The panel, which discussed the implications of cannabis legalization in many states for the psychedelics industry, was moderated by Mason Marks, a Florida State University College of Law professor and a senior fellow at the Petrie-Flom Center. The event also featured law firm partners Hadas Alterman, Ariel Clark, and Vincent Sliwoski, as well as Vanderbilt Law School professor Robert Mikos.

Alterman said many private industries need to prepare for the potential decriminalization of psychedelic drugs, noting that the United States would require many more therapists and psychotherapists in the event more psychedelic drugs are legalized.

“That’s an entire universe of legal needs, corporate practice of medicine considerations, interactions with state agencies, federal agencies,” she said.

Clark said the regulation of cannabis in some states has rendered the drug unaffordable. He said the psychedelics industry should “create relationships” with the health care industry and other businesses to avoid the “same sort of bad outcomes that we see with cannabis.”

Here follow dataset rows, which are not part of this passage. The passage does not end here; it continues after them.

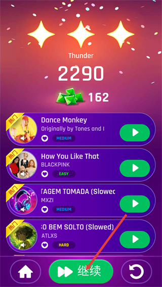 4、完成游戲歌曲的跑道,游戲節奏后點擊【繼續】按鈕進入下一關游戲提升體驗。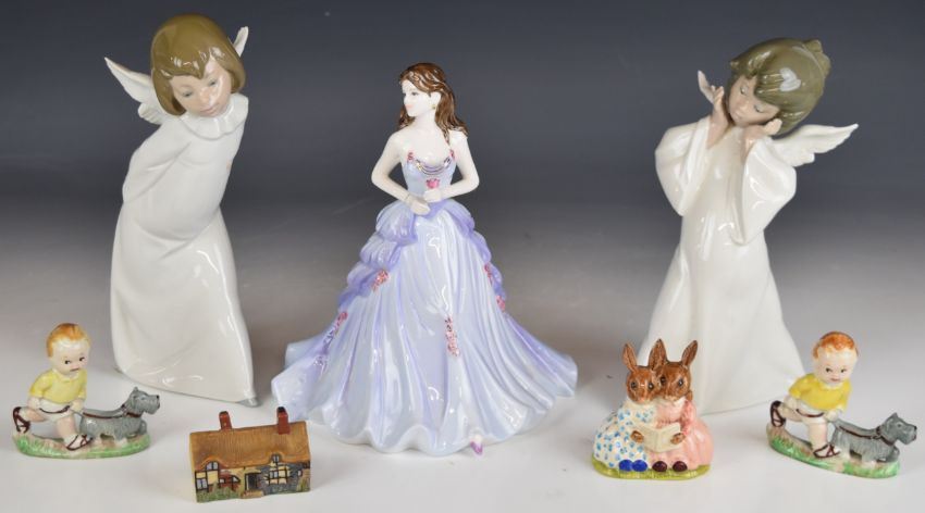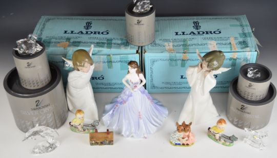 Lladro, Coalport, Wade and Swarovski figures, some boxed, tallest 22cm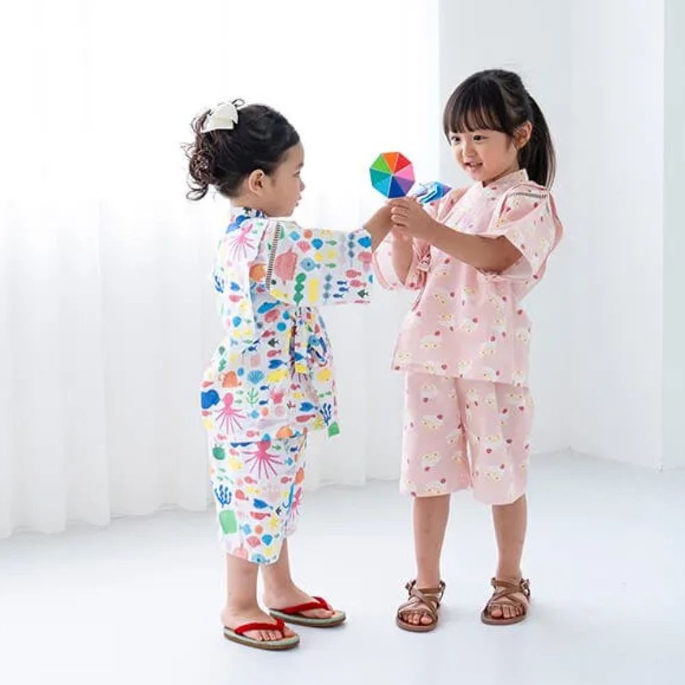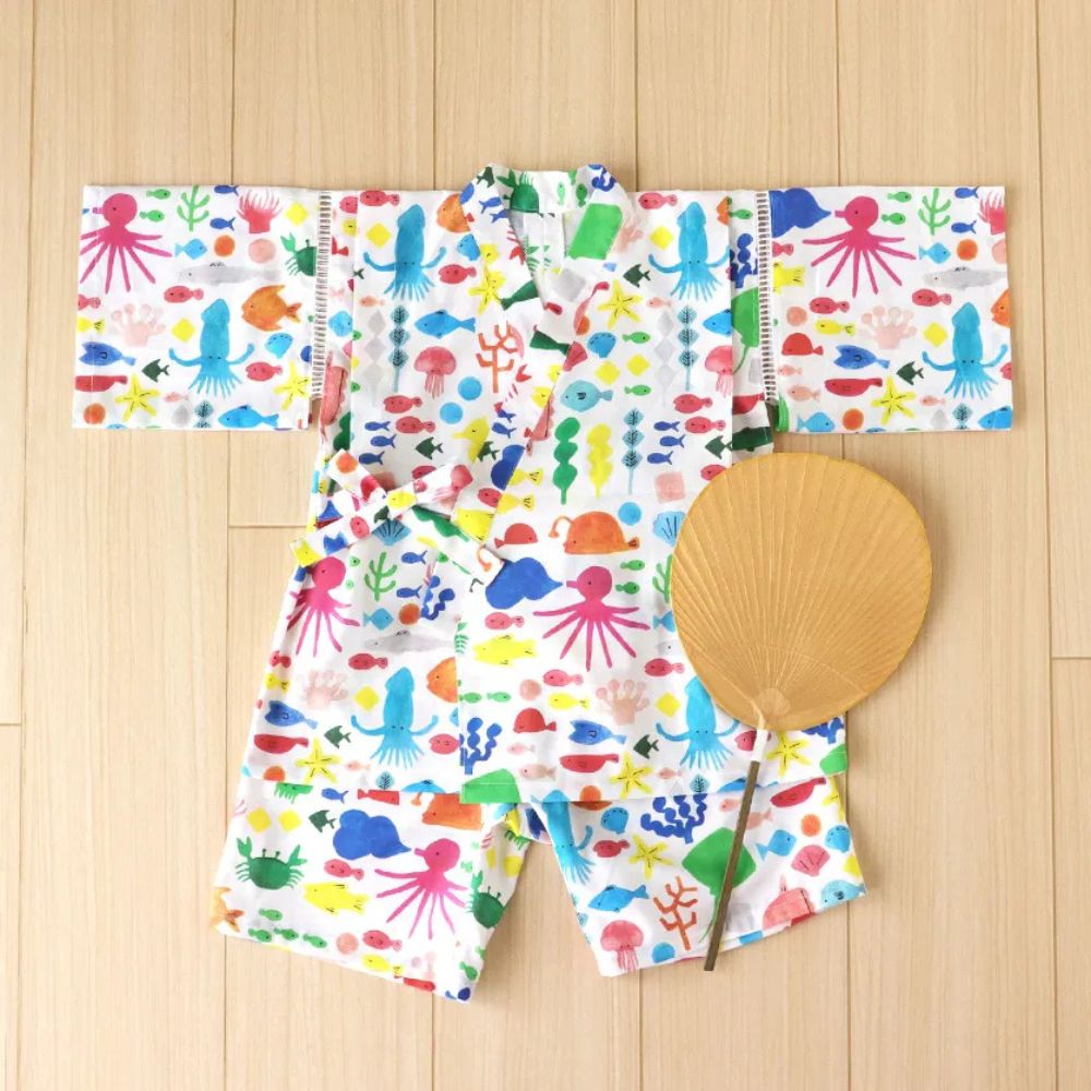 テキスタイル(布)の魅力がいっぱいの可愛いこども甚平は、夏祭りや花火大会に活躍してくれそう!暑い日のパジャマにも便利な甚平。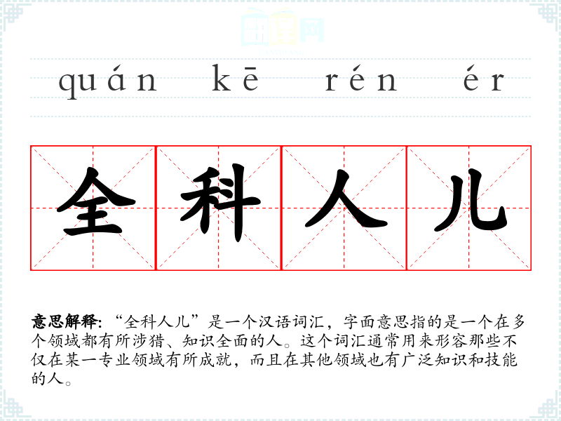 “全科人儿”是一个汉语词汇,字面意思指的是一个在多个领域都有所涉猎、知识全面的人。这个词汇通常用来形容那些不仅在某一专业领域有所成就,而且在其他领域也有广泛知识和技能的人。

“We need to incorporate religious and community use, we need to have very minimal regulation and taxation. The cost of these medicines — it needs to be truly accessible,” she said. Otherwise, “psychedelics will look just like what we see in the pharmaceutical industry and in this country where health care and medicine is really just affordable for some.”

Alterman added that the regulation of the psychedelics industry needs to be socially equitable.

“At the most basic level, we need consistent, safe, high-quality care across the board. We need certified practitioners who are operating at or above a uniform standard of care, who have been trained rigorously to do this work,” she said. “That will be a balancing act between protecting consumers and not over regulating.”

Additionally, Clark suggested that regulations for psychedelics should also encompass religious and recreational uses of the drugs, rather than simply medical applications.

“We need to have all of these different points and paradigms of access and meet people where they are,” Clark said. “And it needs to be broadly inclusive and cannot just favor sort of a medicalized, therapeutic approach — that’s not culturally thoughtful.”

Carmel D. Shachar, executive director of the Petrie-Flom Center, said in an interview the event was held in light of a Colorado ballot measure, Proposition 122, which asked voters to weigh in on the decriminalization and regulation of certain psychedelics.

“I hope that what people will take from this event — regardless of where they personally stand on the legalization of psychedelics — is that it is really complicated to move, regulating these [substances] from the criminal system into legalization,” Shachar said.